Interestingly, when the intensity is low enough, the hierarchy between Options 1 and 2 switches, and Option 2 actually gives larger results than Option 1. E.g. if the insect was suffering at only 0.1% of its maximal capability, then:
e^0.1
0.1 · e^1
And in this case option 2 is greater than option 1. I’m probably taking the exponential model too literally in this case, but it’s a curious artefact.
I’m confused about what “superlinearity” is even supposed to mean here.
In the intro you distinguish “unpleasantness” and “intensity”, and say that one grows superlinearly with the other, but how are these two things even defined to begin with? And what is the difference between them? Defining one scale for measuring pain is hard enough, but before we can evaluate this “superlinear” claim we first need to define two!
In the examples with humans, I can see what the claim is. There are at least two ways you could try to define a pain scale: (i) self-report on a scale of 1-10, and (ii) something that more consistently tracked actual preferences with respect to gambles or experiences of different duration, and in this example the claim is that (ii) grows super-linearly with (i).
But this just seems like a claim about the limitations of the self-report 1-10 scale, which is only relevant for humans (think I’m probably agreeing with the summary of Bob Fischer’s take here).
In the case of non-humans, it’s not that I disagree, but I don’t even understand what the claim is that is being made?
Thanks for your clear question! You’re right, I should have been much clearer in what I meant.
Concretely, I was thinking about the cumulative pain framework, and how it has 4 different intensities of pain (Annoying, Hurtful, Disabling, and Excruciating), and what the relative unpleasantness of the levels might be.
There’s a longer report here about that question, and I’m very sympathetic to the view that the 4 pain ratings should increase in a very superlinear way https://forum.effectivealtruism.org/posts/C2qiY9hwH3Xuirce3/short-agony-or-long-ache-comparing-sources-of-suffering-that
And in this post I was trying to understand how the moral-weight numbers would interact with the pain-intensity-weightings (whether they should apply to the duration or the intensity dimension, as that makes a big difference).
Did this answer your question, or was there a more fundamental crux I missed?
I’m open to the idea that I’m barking up the wrong tree.

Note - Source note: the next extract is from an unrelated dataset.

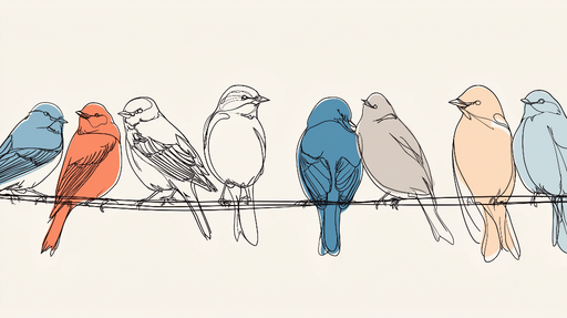 WonderMuralEste papel de parede apresenta uma elegante linha de pequenos pássaros, cada um ilustrado com um estilo minimalista e contemporâneo. Os pássaros, e...

It’s been a few years since I really sat down to think all this through.
Thank you for your reply and clarification!
If the claim is that the gap between ‘Disabling’ and ‘Excruciating’ should be larger than the gap between ‘Annoying’ and ‘Hurtful’, then that makes sense to me, and seems interesting.
But it sounds like this wasn’t a numerical scale to begin with? So this again just feels like a claim about how we should go about assigning numbers to those categories (if we need numbers), rather than a claim that pain unpleasantness is ‘superlinear’ in some objective sense?
Defining what a numerical score for pain means seems like a hard problem. From my perspective, it seems like it should be defined so that the being concerned would be indifferent between a day of 2*x and 2 days of x. I think this is the notion you are referring to as ‘unpleasantness’. The question then for any other pain metric is just: “how well does it measure this?”. I’m still not sure it makes sense to ask “How does pain intensity scale with unpleasantness?”, since then we would first have to define a numerical scale for pain intensity in some different way, and I’m still not sure how we begin to do that?
I suppose there is another ineresting complication here, which is that you could also try to define your pain scale in terms of preferences among gambles. For example, the pain scale should be defined so that a rational being is indifferent between 100% chance of x and a 50% chance of 2*x. And then you’re confronted with the question of whether this should give you the same answer as defining it in terms of preferences among durations. My feeling is that it should be the same (something about personal identity not being a ‘further fact’ and applying standard utilitarian aggregation approach to person-moments rather than persons..?) but would be interesting to explore points of view where those two potential scale definitions are different. That doesn’t feel quite the same as ‘intensity’ vs ‘unpleasantness’ though. More like two different definitions of ‘unpleasantness’.
Ah, I see where you’re coming from. You’re saying that the real problem is deciding where to place the intensity categories (Annoying, Hurtful, etc) on the number line of pain, instead of pretending those categories make their own dimension called intensity, and mapping them to another thing called unpleasentness.
The way I was thinking about it:
The way you’re thinking about it:
I think the reason I was drawn to the intensity perspective is because for humans it seems real, and that’s where we have our best understanding (due to the advantages of self-report, more pyschophysics studies, introspecting on our own experiences), and so I was thinking about translating our (still very limited) understanding of that model to the non-human space. But maybe you’re right that it would be better to build a simpler model from scratch around the non-human limitations.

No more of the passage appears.